• [RAW DATA]
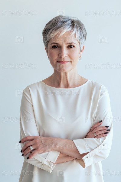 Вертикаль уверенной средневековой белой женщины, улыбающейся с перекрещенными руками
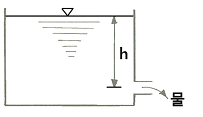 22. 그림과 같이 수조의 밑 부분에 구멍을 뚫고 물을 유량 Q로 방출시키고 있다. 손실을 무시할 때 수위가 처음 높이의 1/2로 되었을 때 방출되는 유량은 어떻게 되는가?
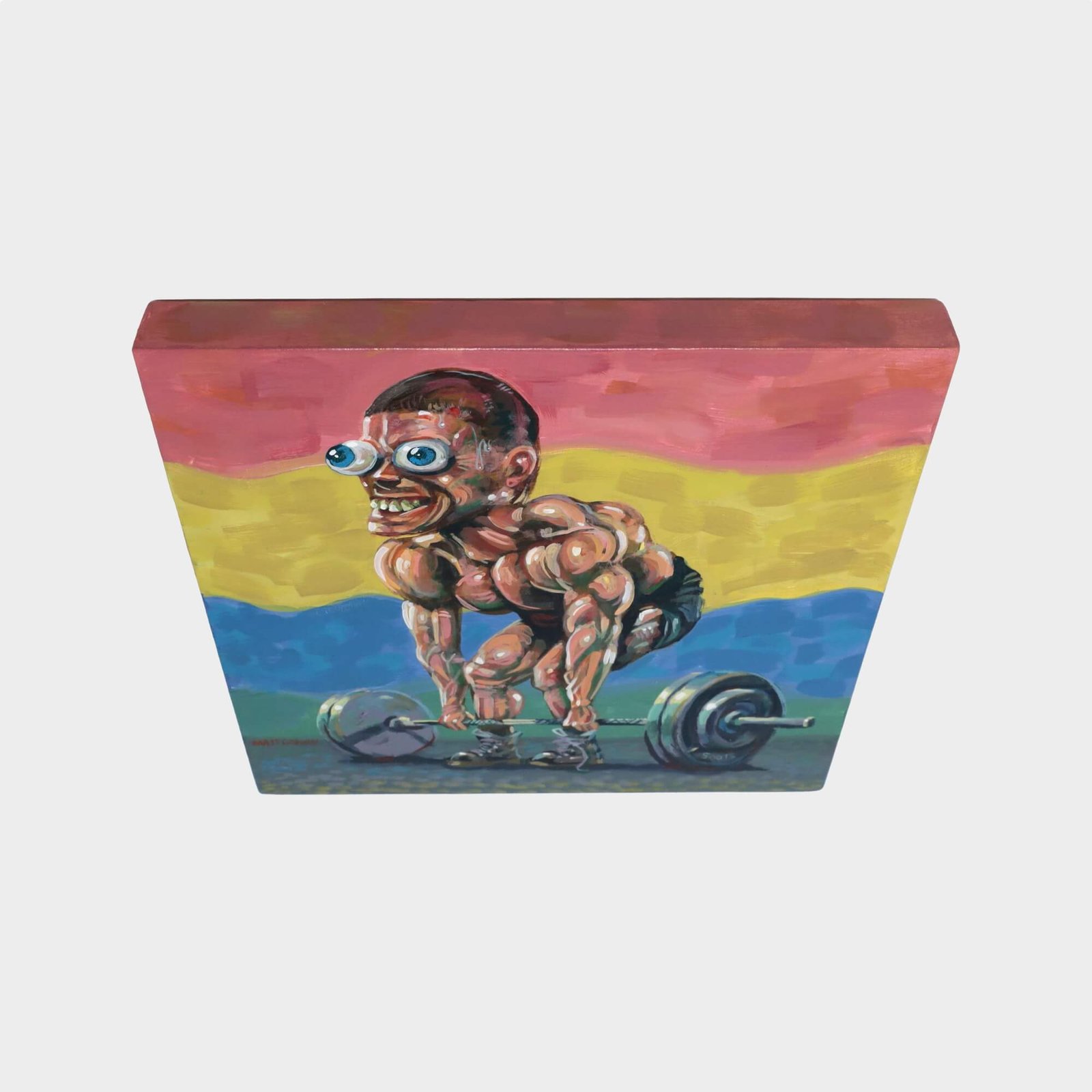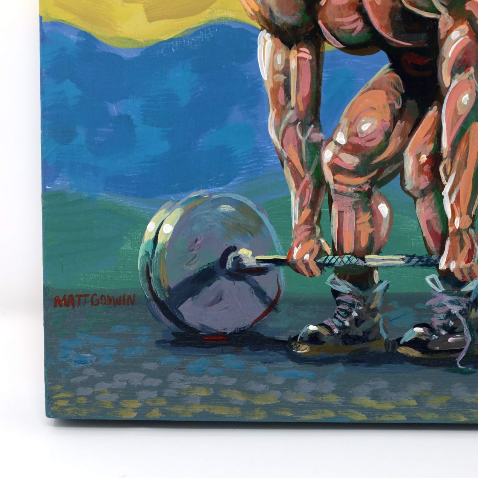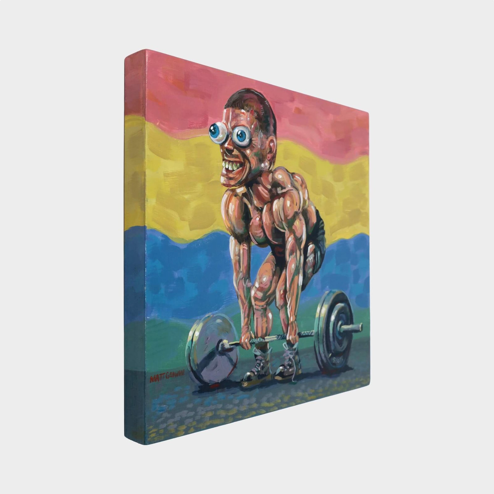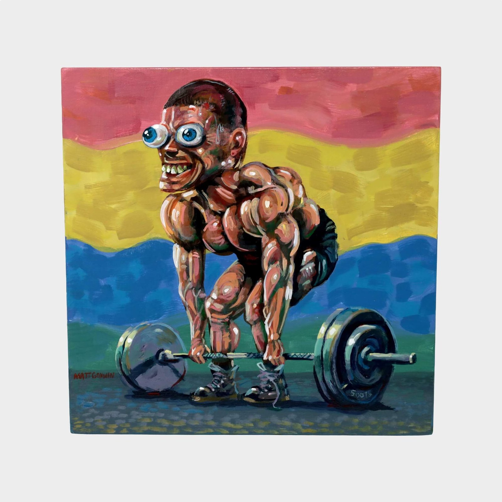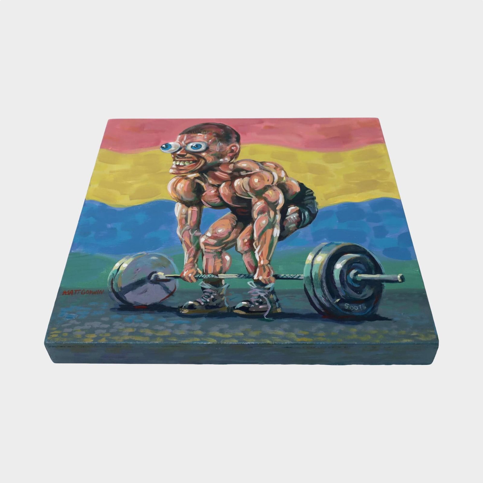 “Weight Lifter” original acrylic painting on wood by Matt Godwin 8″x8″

• [TASK ITEM] Write out the data above exactly as it appears, but without any image.

• [EXERCISE OUTPUT]
 Вертикаль уверенной средневековой белой женщины, улыбающейся с перекрещенными руками
 22. 그림과 같이 수조의 밑 부분에 구멍을 뚫고 물을 유량 Q로 방출시키고 있다. 손실을 무시할 때 수위가 처음 높이의 1/2로 되었을 때 방출되는 유량은 어떻게 되는가?
 “Weight Lifter” original acrylic painting on wood by Matt Godwin 8″x8″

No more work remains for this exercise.